Wednesday, November 14, 2007

Adjusting the Vote

I was too ill to perform my duty as the Democratic observer at the Harris County central counting office last week, so at the last minute I asked John Behrman to stand in for me. And look what he saw:

The county Web site already showed that all precinct totals had been counted; three sheriff's deputies who guarded the counting process on the fourth floor of the County Administration Building in downtown Houston had been sent home.

Also in the locked, glass-walled room were Republican (Harris County Clerk Beverley) Kaufman and John R. Behrman, a computer expert and longtime election observer representing the Democratic Party. He said he considers Kaufman's staff the most knowledgeable election computer administrators on the continent and does not question their motives.

But Behrman said he was shocked when he saw (county elections administrator Johnnie) German use a series of passwords and an "encryption key" — a series of numbers on a nail file-size computer memory storage device — to reach a computer program that said "Adjustment."

"A hundred percent of precincts reporting, and everything had been distributed to the press," he said. "Then and only then did I see how they were going to do this, and frankly I never thought it was possible.

"Basically it turns out, without regard to any ballots that have been cast, you can enter arbitrary numbers in there and report them out in such a way that, unless you go back to these giant (computer) logs and interpret the logs, you wouldn't know it has been done."

Hart InterCivic has converted nearly the entire state of Texas to e-Slates. What do you think the security of your ballot might be in a rural county -- where there ain't too many folks who know much 'bout computers?

But the real value is in the largest counties in the state, where manipulating the tally -- say, in an $800 million bond election -- has a chance for a real payoff. For a few insiders.

Who needs to hack the vote when you can just bribe a county elections official?

Why do you think several states have decertified Hart InterCivic's e-Slates for use?

And it's easy to understand the nonchalance of Republican officials and Republican-appointed judges, but why do you suppose it is that Houston's Democrat mayor (and rumored candidate for governor in 2010) , Bill White, doesn't really care about this problem?

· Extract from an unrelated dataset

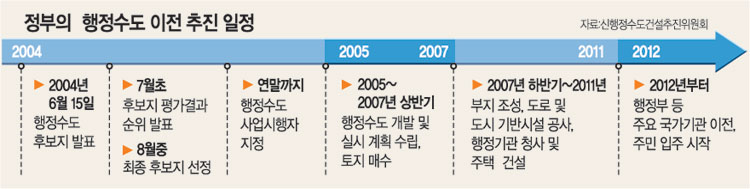 최종입지가 결정된 뒤에는 △내년 1월 토지 수용 △2006년 6월경 신행정수도 건설 실시 계획 수립 △2007년 7월 기반공사 착수 등의 일정이 이어진다. 아파트 분양은 2009년 상반기로 예정돼 있다.

Update (11/15): Charles Kuffner digs deeper, including this comment from Rice professor Dan Wallach, one of the country's foremost authorities on voting machine technology:

So, indeed, Hart has multiple lines of defense. Unfortunately, every one of them is incorrectly engineered, rendering the system entirely vulnerable to compromise. Of course, I am not stating that any such compromise has ever happened in Harris County. What I am saying is that the design of the Hart system is entirely insufficient to prevent such attacks, should a competent attacker wish to make them.